(DATA EXCERPT)
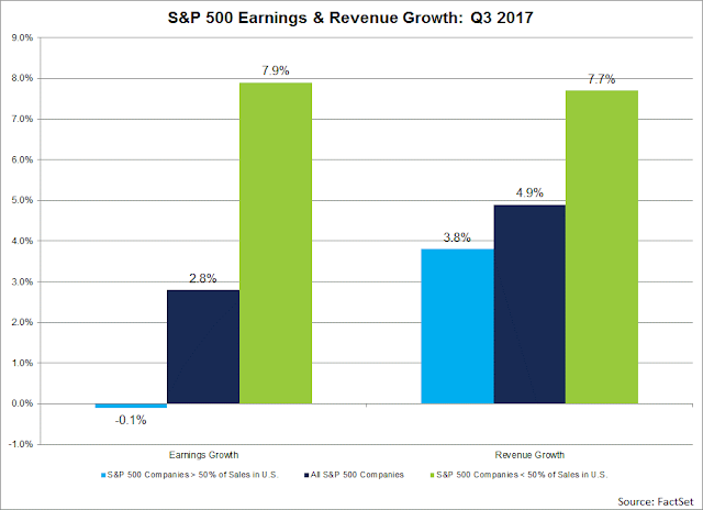 Another worrisome macro and fundamental headwind can be found in the strength of the USD. FactSet found that companies with greater foreign exposure tended to see better sales and earnings growth.
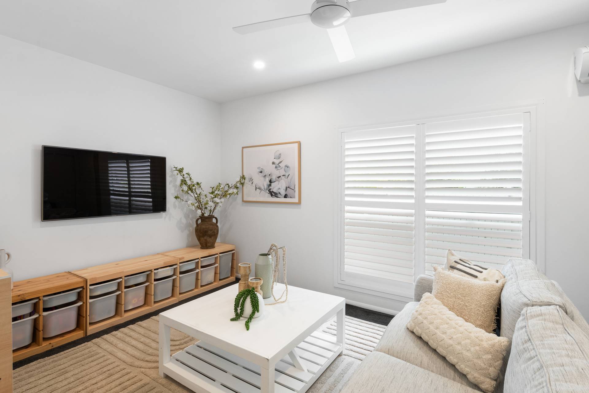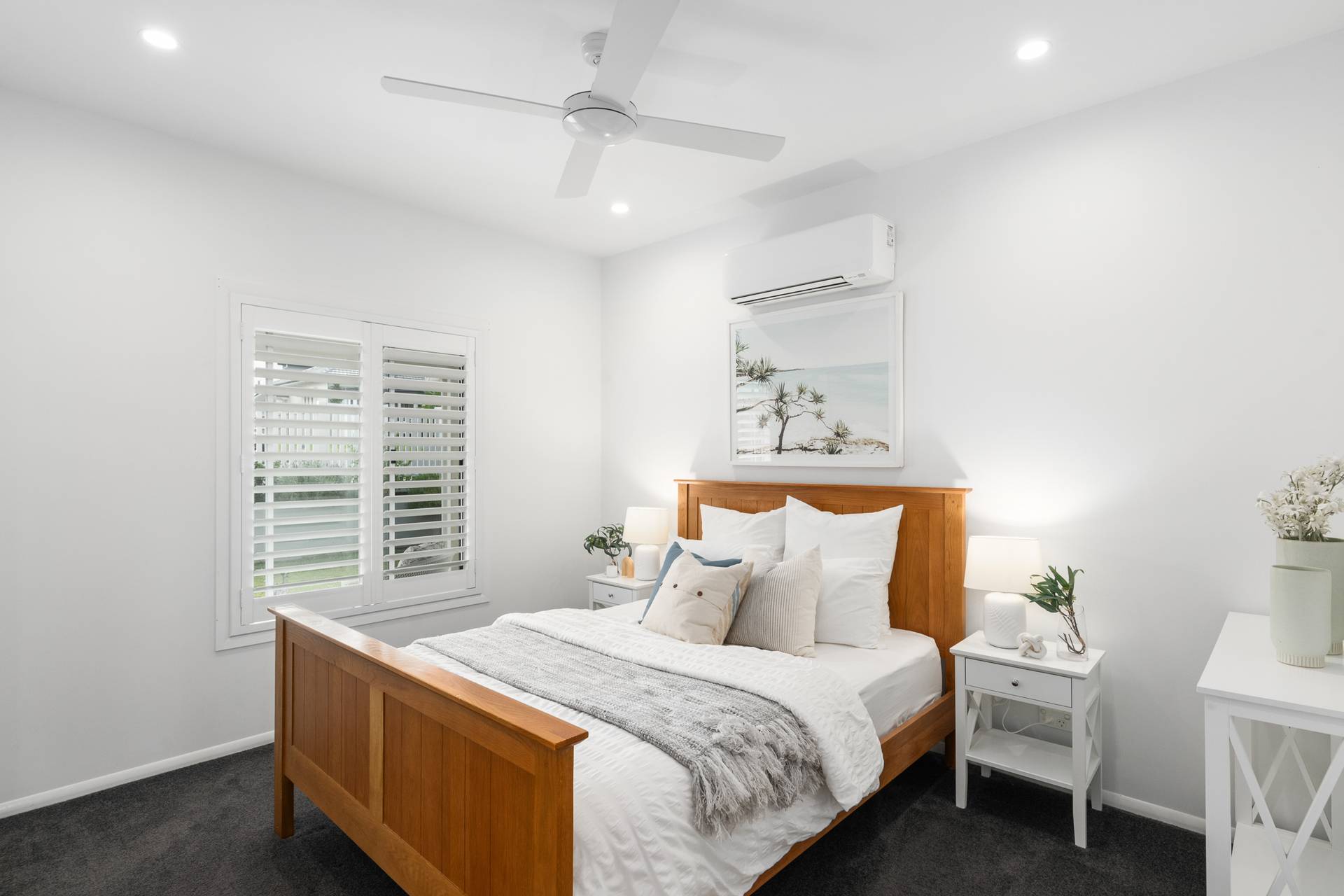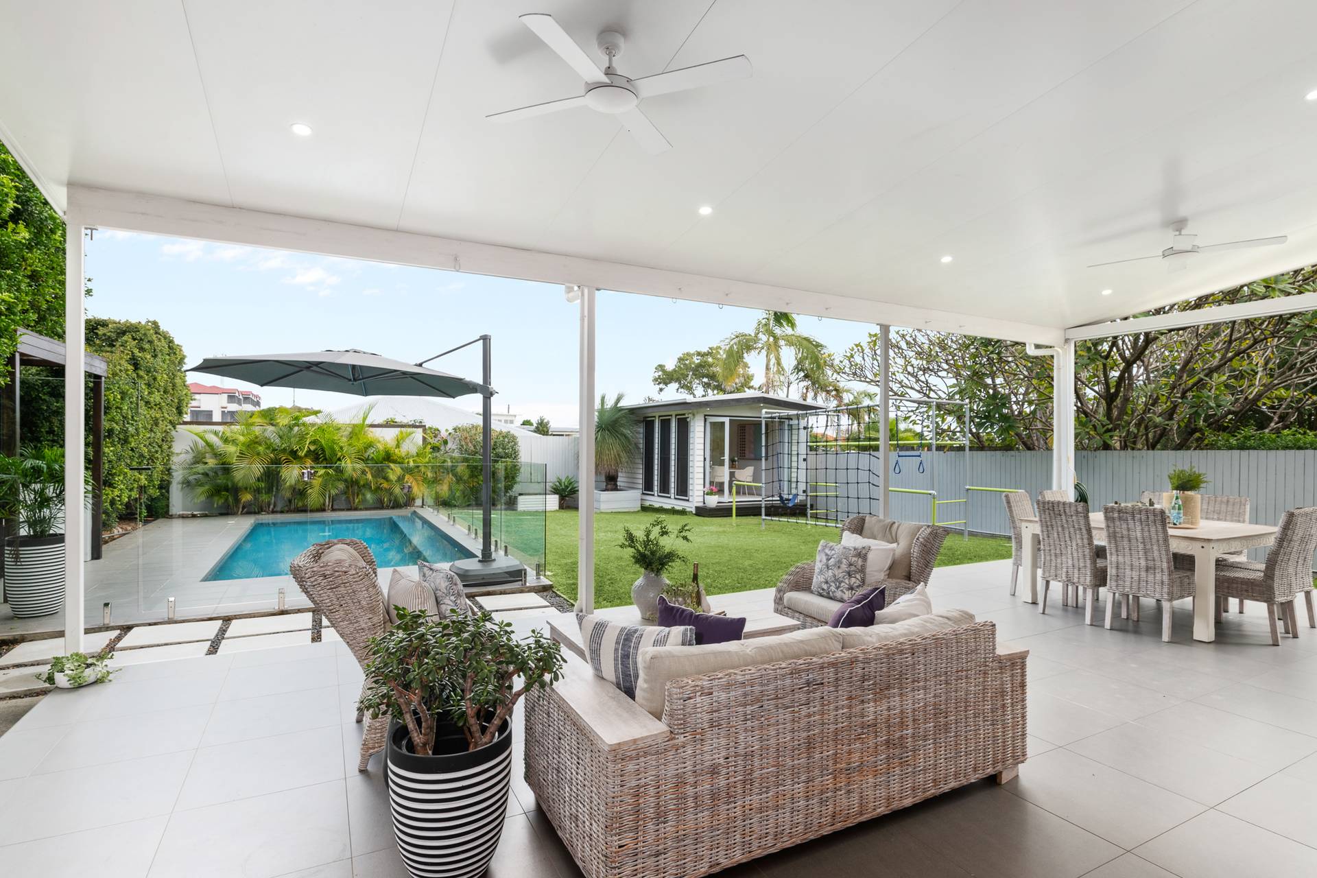 Alfresco dining, parties, and entertainment can be enjoyed outdoors, with a large terrace nestled by the flat backyard and heated swimming pool, which boasts a daybed for lounging in the sunshine. With a separate studio also featuring outside, buyers are offered a retreat for kids, hobbies, or working from home.
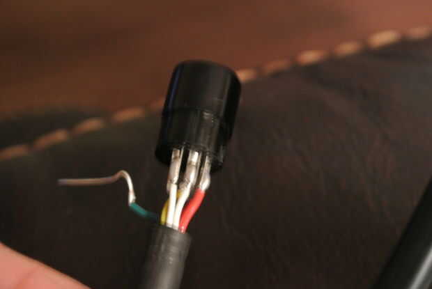 Si usted desenroscar los tornillos de cabeza phillips pequeño en el conector, puede tire hacia atrás y exponer a los terminales de soldadura en el enchufe. Esto, lo hice. A continuación, con un alcance y un DMM, pude suss las siguientes: soldador 6 patillas:
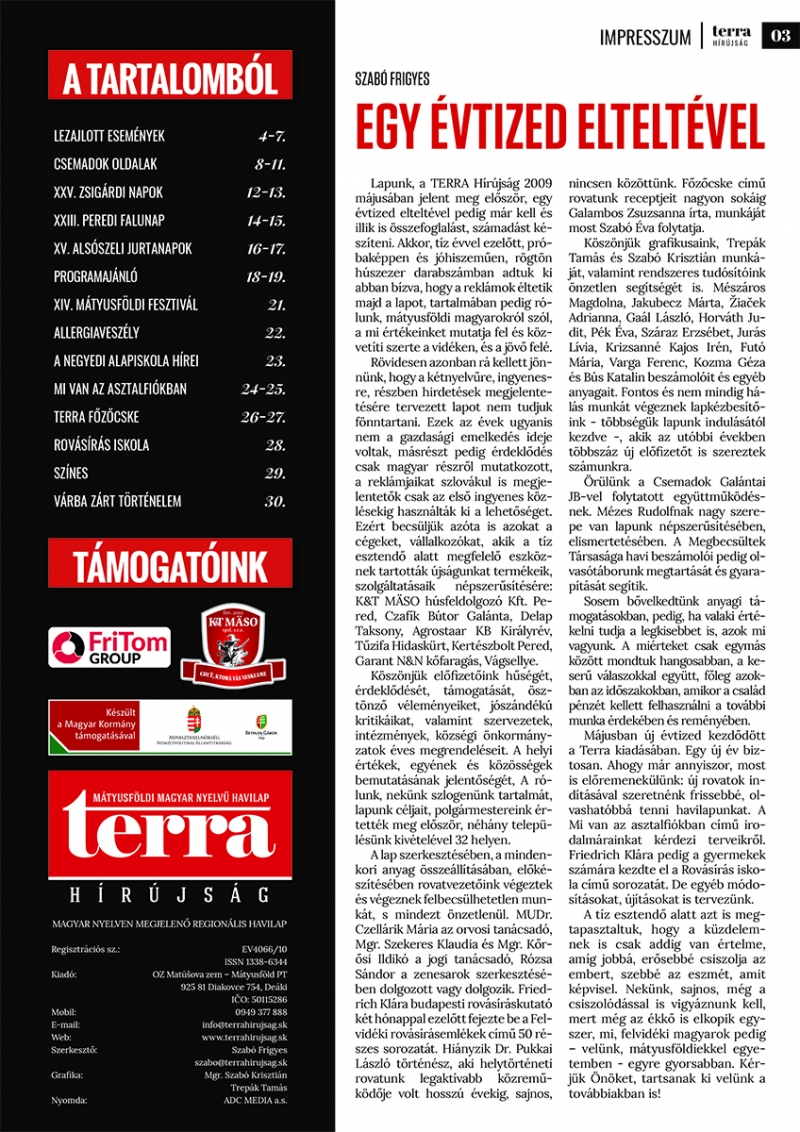 A Terra Főzőcskében finom ételek receptjeit, a Zenesarok rovatban több érdekes írást, a gyermekoldalon pedig Friedrich Klára rovásíráskutató Rovásírásiskola című sorozatának 2. részét találjuk.

(TASK ITEM)
Set out the material once more, exact in every line, with no images.

(ANSWER TO THE EXERCISE)
 Another worrisome macro and fundamental headwind can be found in the strength of the USD. FactSet found that companies with greater foreign exposure tended to see better sales and earnings growth.
 Alfresco dining, parties, and entertainment can be enjoyed outdoors, with a large terrace nestled by the flat backyard and heated swimming pool, which boasts a daybed for lounging in the sunshine. With a separate studio also featuring outside, buyers are offered a retreat for kids, hobbies, or working from home.
 Si usted desenroscar los tornillos de cabeza phillips pequeño en el conector, puede tire hacia atrás y exponer a los terminales de soldadura en el enchufe. Esto, lo hice. A continuación, con un alcance y un DMM, pude suss las siguientes: soldador 6 patillas:
 A Terra Főzőcskében finom ételek receptjeit, a Zenesarok rovatban több érdekes írást, a gyermekoldalon pedig Friedrich Klára rovásíráskutató Rovásírásiskola című sorozatának 2. részét találjuk.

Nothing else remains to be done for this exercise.